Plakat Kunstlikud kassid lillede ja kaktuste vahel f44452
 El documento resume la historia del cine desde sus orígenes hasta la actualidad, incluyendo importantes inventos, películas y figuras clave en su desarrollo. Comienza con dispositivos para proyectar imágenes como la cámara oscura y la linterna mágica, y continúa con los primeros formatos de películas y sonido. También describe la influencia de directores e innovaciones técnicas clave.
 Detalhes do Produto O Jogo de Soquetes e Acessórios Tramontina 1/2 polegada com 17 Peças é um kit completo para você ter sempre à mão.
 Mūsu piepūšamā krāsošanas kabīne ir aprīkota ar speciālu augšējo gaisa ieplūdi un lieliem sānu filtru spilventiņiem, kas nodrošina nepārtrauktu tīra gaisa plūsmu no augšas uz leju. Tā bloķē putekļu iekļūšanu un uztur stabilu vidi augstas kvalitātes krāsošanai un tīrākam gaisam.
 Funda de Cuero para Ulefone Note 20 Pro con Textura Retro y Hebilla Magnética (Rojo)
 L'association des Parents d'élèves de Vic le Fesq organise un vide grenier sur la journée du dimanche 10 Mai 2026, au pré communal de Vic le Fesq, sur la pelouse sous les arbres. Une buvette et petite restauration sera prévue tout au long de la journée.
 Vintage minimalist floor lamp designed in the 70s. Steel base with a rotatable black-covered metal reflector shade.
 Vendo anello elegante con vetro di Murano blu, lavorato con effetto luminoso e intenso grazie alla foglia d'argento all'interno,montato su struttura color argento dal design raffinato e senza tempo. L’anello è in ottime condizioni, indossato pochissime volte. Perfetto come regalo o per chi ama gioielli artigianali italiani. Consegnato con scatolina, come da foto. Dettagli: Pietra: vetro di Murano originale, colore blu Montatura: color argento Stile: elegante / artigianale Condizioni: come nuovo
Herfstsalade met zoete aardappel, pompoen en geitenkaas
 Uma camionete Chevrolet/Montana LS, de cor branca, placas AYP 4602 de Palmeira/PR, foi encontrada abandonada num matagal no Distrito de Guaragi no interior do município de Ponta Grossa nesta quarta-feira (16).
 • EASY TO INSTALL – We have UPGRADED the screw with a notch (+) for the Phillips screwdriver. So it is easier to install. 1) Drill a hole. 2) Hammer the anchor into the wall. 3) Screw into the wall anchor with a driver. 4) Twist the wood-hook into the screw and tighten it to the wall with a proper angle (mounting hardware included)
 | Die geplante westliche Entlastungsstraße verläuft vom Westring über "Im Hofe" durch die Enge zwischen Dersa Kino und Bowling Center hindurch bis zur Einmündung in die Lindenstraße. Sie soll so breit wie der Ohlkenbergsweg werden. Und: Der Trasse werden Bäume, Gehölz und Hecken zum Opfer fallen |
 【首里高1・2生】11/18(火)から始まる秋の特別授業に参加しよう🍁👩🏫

**TASK STATEMENT**
Present each line from the listing that holds the string "with".

**RESULT OF THIS EXERCISE**
 Vintage minimalist floor lamp designed in the 70s. Steel base with a rotatable black-covered metal reflector shade.
 • EASY TO INSTALL – We have UPGRADED the screw with a notch (+) for the Phillips screwdriver. So it is easier to install. 1) Drill a hole. 2) Hammer the anchor into the wall. 3) Screw into the wall anchor with a driver. 4) Twist the wood-hook into the screw and tighten it to the wall with a proper angle (mounting hardware included)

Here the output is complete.